━━ Source records
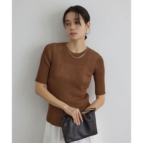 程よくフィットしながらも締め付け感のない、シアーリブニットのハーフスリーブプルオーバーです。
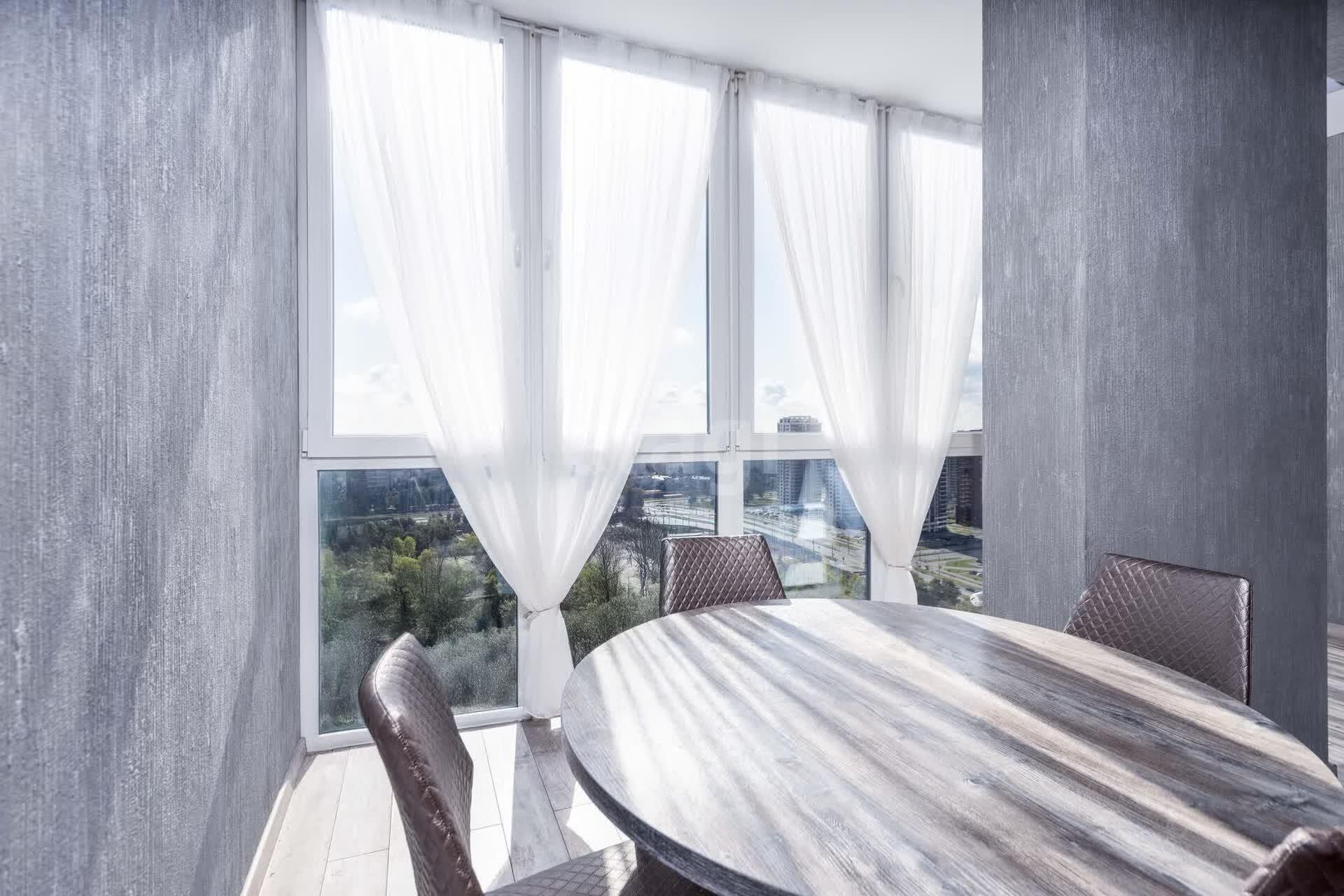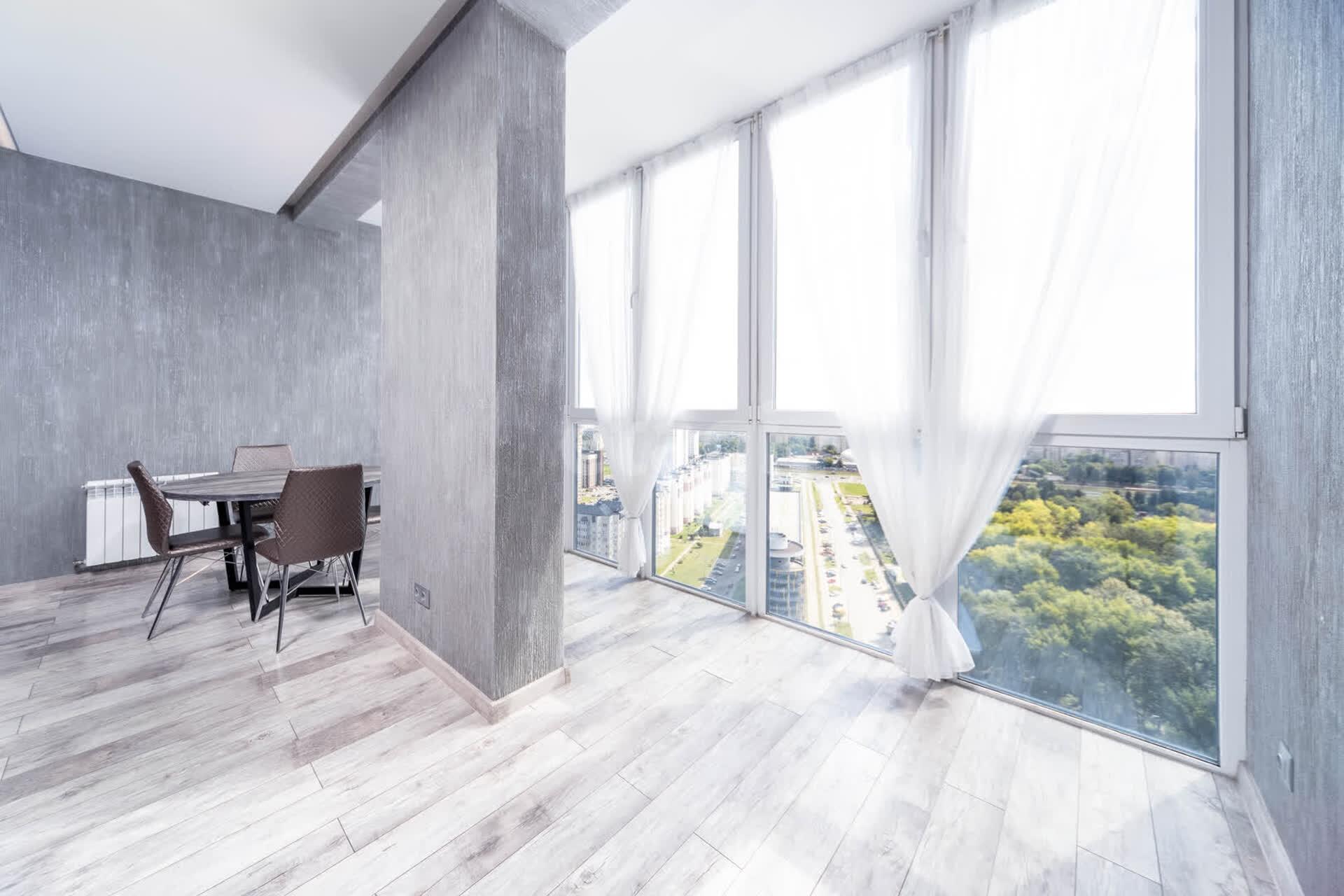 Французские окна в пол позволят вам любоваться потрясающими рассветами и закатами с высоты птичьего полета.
━━━━
━━ Source records
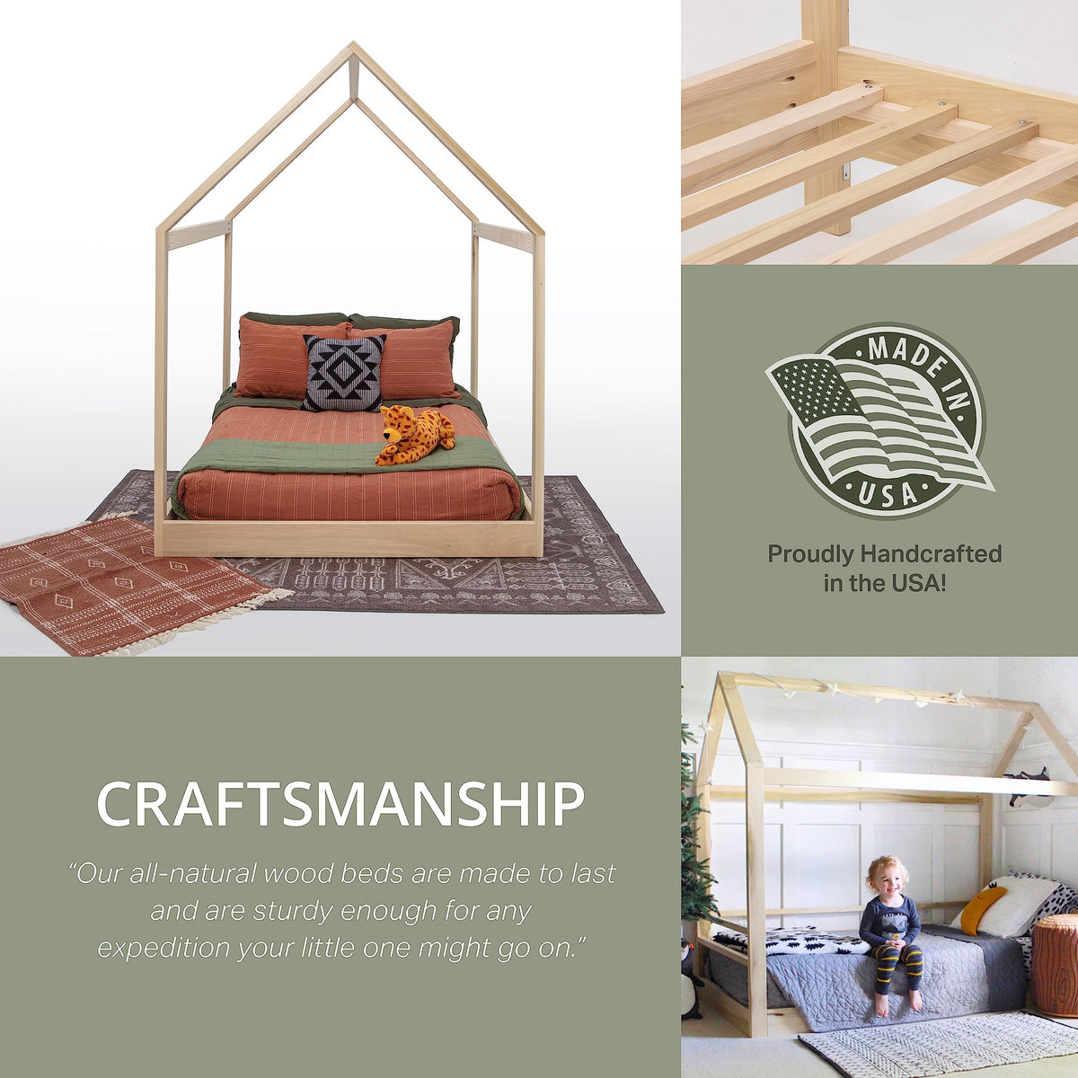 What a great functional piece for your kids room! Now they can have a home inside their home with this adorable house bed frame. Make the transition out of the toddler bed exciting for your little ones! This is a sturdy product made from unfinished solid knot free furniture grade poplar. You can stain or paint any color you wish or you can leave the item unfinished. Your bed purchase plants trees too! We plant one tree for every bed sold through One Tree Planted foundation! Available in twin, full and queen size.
━━━━
#### What you have to do
Nothing outside the stretch above, from the line with "程よくフィットしながらも締め" through the line with "Французские окна в", is set down. Transcribe that stretch exactly, ends included, but not its pictures.

#### Response area
 程よくフィットしながらも締め付け感のない、シアーリブニットのハーフスリーブプルオーバーです。
 Французские окна в пол позволят вам любоваться потрясающими рассветами и закатами с высоты птичьего полета.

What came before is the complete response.